Funding Geothermal: Risk, Infrastructure & Public Support

The geothermal energy investment landscape records an average investment value of USD 130.4 million per round. This figure shows that project development and subsurface engineering remain capital-intensive across global markets.

The sector includes more than 1490 investors. Their participation reflects a mix of strategic, financial, and infrastructure-focused stakeholders who support exploration programs, drilling operations, and geothermal plant construction.

For instance, GIC invested USD 240 million in 2021 in Arctic Green Energy to support its expansion in Asia and Europe. The US Department of Energy awarded USD 46 million for 17 geothermal projects.
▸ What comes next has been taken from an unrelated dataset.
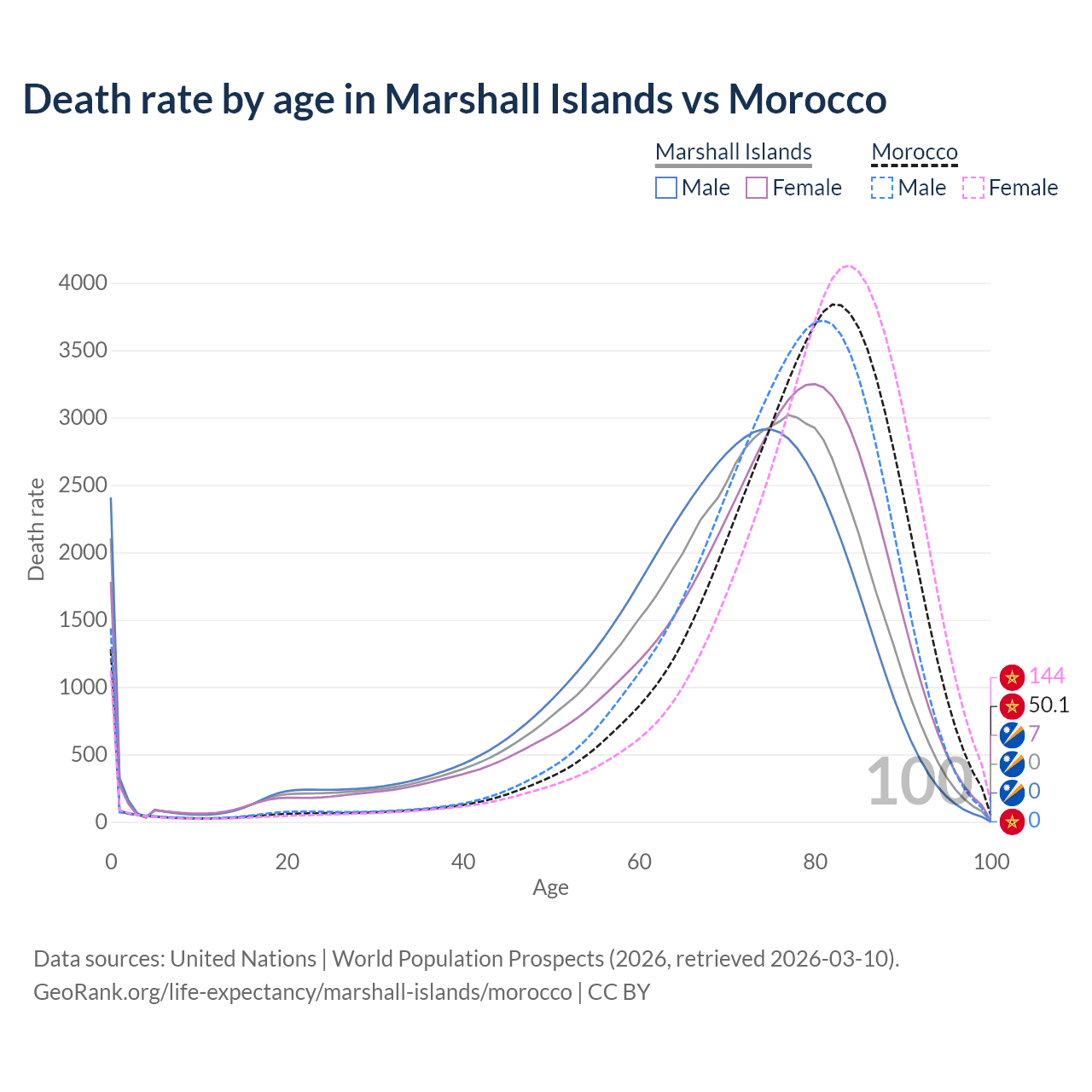 In the Marshall Islands, the most common age of death is 77, compared to 82 in Morocco. The median age of death is 72 in the Marshall Islands and 79.3 in Morocco, meaning only half of each cohort is expected to live past that age.

The combined value invested by top geothermal energy investors exceeds USD 8.26 billion. This concentration indicates that large institutions continue supporting capital-intensive project development across global markets.

 

 

DOE also announced a geothermal funding notice with up to USD 31 million available to support high-temperature tools, wellbore construction, and reservoir-related advances. These areas are directly tied to geothermal’s cost curve and failure modes (drilling time, downhole survivability, reservoir performance).

Further, Wood Mackenzie reports that North America’s geothermal sector attracted USD 1.7 billion in public funding in Q1 2025.

Research Method and Data

This geothermal energy outlook leverages the StartUs Insights Discovery Platform to analyze 9M+ companies, 25K+ technologies and trends, and 190M+ patents, alongside funding activity and project-level market signals. The analysis concentrates on enhanced geothermal systems, advanced drilling and completion technologies, reservoir stimulation and monitoring, subsurface modeling, and power-plant efficiency optimization.

Using five years of data, the report tracks how oil-and-gas technology transfer, drilling cost reduction, closed-loop and deep geothermal architectures, and data-driven reservoir management are moving from pilot deployments to commercially viable, grid-scale assets under tightening energy security and firm-capacity requirements.